Kamis, 27 September 2007

Konsistensi dan Lupa.

Bulan ramadhan sudah masuk hari ke 16, esok adalah hari yang ke tujuh belas yang banyak diyakini hari yang sangat dimuliakan yaitu Nuzulul Qur'an yang secara literal berarti turunnya Al Qur'an (kitab suci agama Islam). Nuzulul Qur'an adalah istilah yang merujuk kepada peristiwa penting penurunan wahyu Allah pertama kepada nabi dan rasul terakhir agama Islam yakni Nabi Muhammad SAW.

Apakah kita masih mengikuti ajarannya ?



Menjelang Ramadhan banyak tempat hiburan malam yang ditutup demi menghargai umat muslim yang merayakan ramadhan, kalo tidak maka akan ada Razia ormas yang biasa galak. Kemudian, warung-warung dihimbau agar tidak menyediakan makanan di siang hari kalo tidak satpol PP akan bertindak. Dan di bulan Ramadhan, biar keren, seringlah pakai baju koko dan kopiah agar terkesan alim. Inilah Citra Ramadhan. Setelah Ramadhan berlalu, apakah kita konsisten terhadap sikap kita.

Inilah yang selalu dipertanyakan.
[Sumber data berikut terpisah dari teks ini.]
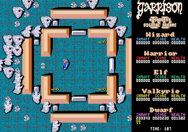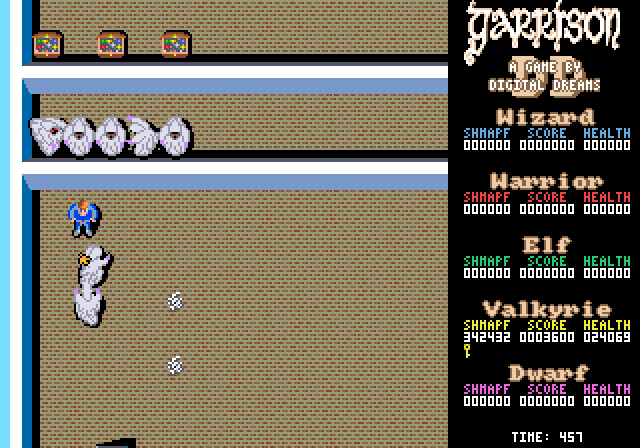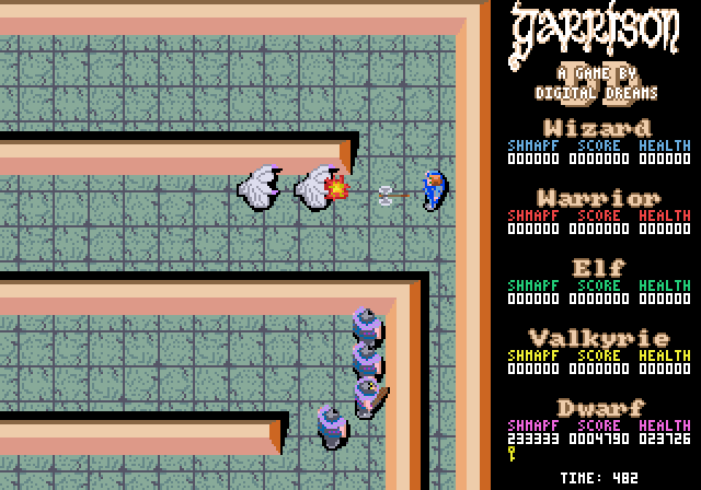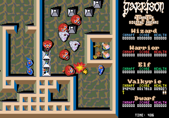 Up to five characters fight their way through over 100 dungeon levels taking on hordes of enemies, collecting potions, gold, scrolls, keys and magic items along the way. Each player character has different strengths and weaknesses so the game plays best in multiplayer mode because some levels really benefit from particular capabilities eg. speed or magic. The enemies also have a large variety of attacks, some fire projectiles at you, some engage you in hand to hand combat, some just drain your health when they touch you and some attack you with magic.
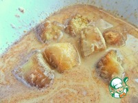 Налить сверху заливку. Немного подождать, чтобы пропитались все ломтики. Пирог не поднимется, так что можно наливать до краёв. |
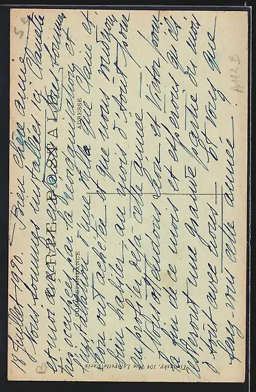 Personenbezogene Daten auf der Rückseite der Karte wurden durch blauen Textmarker unkenntlich gemacht. Die blauen Stellen sind auf die Vorderseite durchgeweicht und wirken sich negativ auf das Postkartenfoto aus
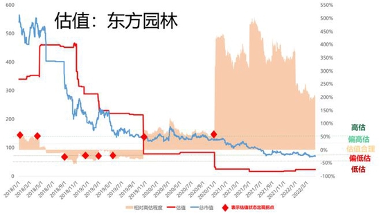看东方园林这个可以发现,尽管静态地看当时已经是10倍的估值,很便宜了,但是它的内在价值是不断走低的,股价越跌越高估。

Lain omong lain perbuatan. Padahal dalam islam sudah ditegaskan agar kita tidak menjadi orang yang munafik.

Kita memang bangsa yang selalu bertindak untuk citra. Selalu bertindak untuk esok dan lupa yang diucapkan kemarin. Pantas saja, Ketua MPR nurhidayat Wahid malah tidak sepakat jika razia klub malam hanya dilakukan saat Ramadhan saja. Kemana mereka (orang-orang suka Razia) setelah Ramadhan.